Designed by:
Reseller hosting Joomla Templates
Hosting services
Канюков Александр Фёдорович Печать

PNAO_KanyukovAF   Александр Фёдорович Канюков (20.05.1932– 4.12.1972),  ненецкий писатель. Родился в семье оленевода на полуострове Канин, окончил Нарьян-Марское педагогическое училище, учился в Ленинградском педагогическом институте им. А.И. Герцена.  Работал корреспондентом в газете «Няръяна вындер». Канюков стал автором двух повестей, изданных при его жизни: «Мой ясовей» и «Нюдяко – сын  Валея».  Член Союза писателей России (1967). Проза Александра Канюкова – яркое явление в литературе Заполярья, художественный документ эпохи 50-х–70-х годов XX века, периода революционного «прорыва» кочевого народа «в цивилизацию», к оседлому образу жизни.

   Писатель рано ушел из жизни (трагически погиб в 1972 г. во время командировки в Мезень). Наиболее значительная часть его литературного наследства вышла в книге А.Канюков «Сочинения» ( 2007 ).

  

 

Невеста Сядота

 А. Канюков, В. Ледков

   Жила я со своими братьями. Их семеро было у меня, семеро братьев Сядота.

   У шестерых братьев жены-красавицы, а у младшего, седьмого, не было жены. Я была хозяйкой в его чуме. Однажды братья мои, семеро братьев Сядота, рядышком усевшись, важный разговор повели. А вели они такой разговор: надо к соседям поехать, к братьям Пяся. У братьев Пяся невеста есть, есть младшая сестра у них. Братья Пяся не отдадут сестру за младшего Сядота. Надо луки ладить, стрелы заострить, выиграть сестру у братьев Пяся.

   Мои братья Сядота на этом и порешили. Стадо к чуму пригнали, резвых оленей поймали, запрягли их быстро и понеслись вихрем.

   Когда день прикрыл свои веки, собаки лаем залились. Семеро братьев, семеро Сядота вернулись на стойбище; снова хорошо, снова скука убежала, будто её и не бывало.

   Слышу я, старший брат слово взял:

   –Худо, очень худо, братья. Хотели невесту выиграть, сестру потеряли. Приедут завтра братья Пяся и ее увезут.

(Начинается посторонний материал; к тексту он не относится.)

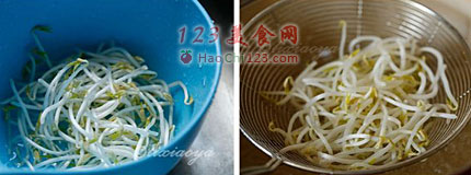 2、绿豆牙掐去根,淘洗干净,入开水锅轻焯后随即捞出,沥水备用。
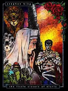 "The Little Sisters of Eluria" is a fantasy novella by American writer Stephen King. It was originally published in 1998 in the anthology Legends.[1] In 2002, it was included in King's collection Everything's Eventual.[2] In 2009, it was published together with the revised edition of The Dark Tower: The Gunslinger by Grant in a limited edition of 4,000 numbered copies of the Artist Edition signed by illustrator Michael Whelan and 1,250 numbered copies of the Deluxe Edition signed by Whelan and Stephen King. Both editions contain Whelan's additional new illustrations for The Gunslinger.[3]
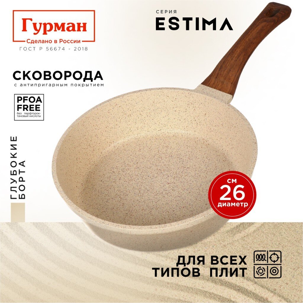 Вы можете приобрести «Сковорода литой алюминий, 26 см, антипригарное покрытие, Гурман, Estima, бежевая, индукция, ГМ2601 ЭБИ» и другие товары в нашем интернет-магазине в Россоши по низким ценам и с бесплатным самовывозом.
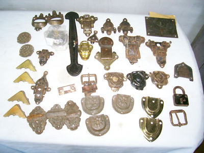 Title (ebay affiliate link): Vintage trunk Hardware/Latches/a leather Handle/etc.

   Когда солнце до середины неба поднялось, собаки залаяли. Я нож взяла и в нюке дырку вспорола. Все семь братьев, семь Пяся едут друг за другом. Бег оленей сдержали, вожжи завязали и к моим братьям, к семи Сядота идут.

   Старший мой брат, старший Сядота жирную ялову за рога поймал, шкуру снял и угощает братьев Пяся. Тогда он крикнул громко:

   –Эй, сестра, тащи водки русской, крепкой. Праздновать свадьбу будем. Проиграли мы тебя, младшему Пяся проиграли вчера.

   Свадьбы этой не хотела я: жениха я в глаза не видала. И пошла на хитрость я: спорола ножиком подошвы с пимов, рукавицы с паницы оборвала мигом, волосы распустила, как ведьма, и водку понесла.

   У семи братьев, у семи Пяся глаза на лоб выскочили.

   – Вам не стыдно ли, братья Сядота! — крикнул старший брат Пяся сердито, – такой невесты нам не надо. Наш младший брат грязью зарастет, тобоки и малица будут рваными вечно. Нет, не надо нам такой невесты!

Возле чумов авко белый бегал. Братья Пяся поймали его и увели с собой, за обман, мол. Когда настало утро, я сказала братьям своим Сядота:

   – Пригоните стадо к чуму, три белых оленя поймайте мне, поеду в гости к братьям Пяся.

   Я пимы мужские на ноги натянула, одела малицу с суконной рубахой и ремнем подпоясалась. Ну, чем не жених!

   Три белых авко я запрягла и понеслась, как ветер, в сторону стойбища братьев Пяся. Семь братьев Пяся на санях сидят, глядят на меня недоуменно.

   – Вы пошто, братья Пяся, пелея моего увели? – говорю сердито. – Вы не знали, что ли, я у братьев Сядота живу, стадо их пасу?

   Они сказали в ответ:

   –  Раз твой олень – бери. Мы-­то думали – у той невесты, которую братья Сядота проиграли.

   Подумав, я сказала так:

   –На кон я ставлю авко, а вы сестру. У меня ведь невесты нету.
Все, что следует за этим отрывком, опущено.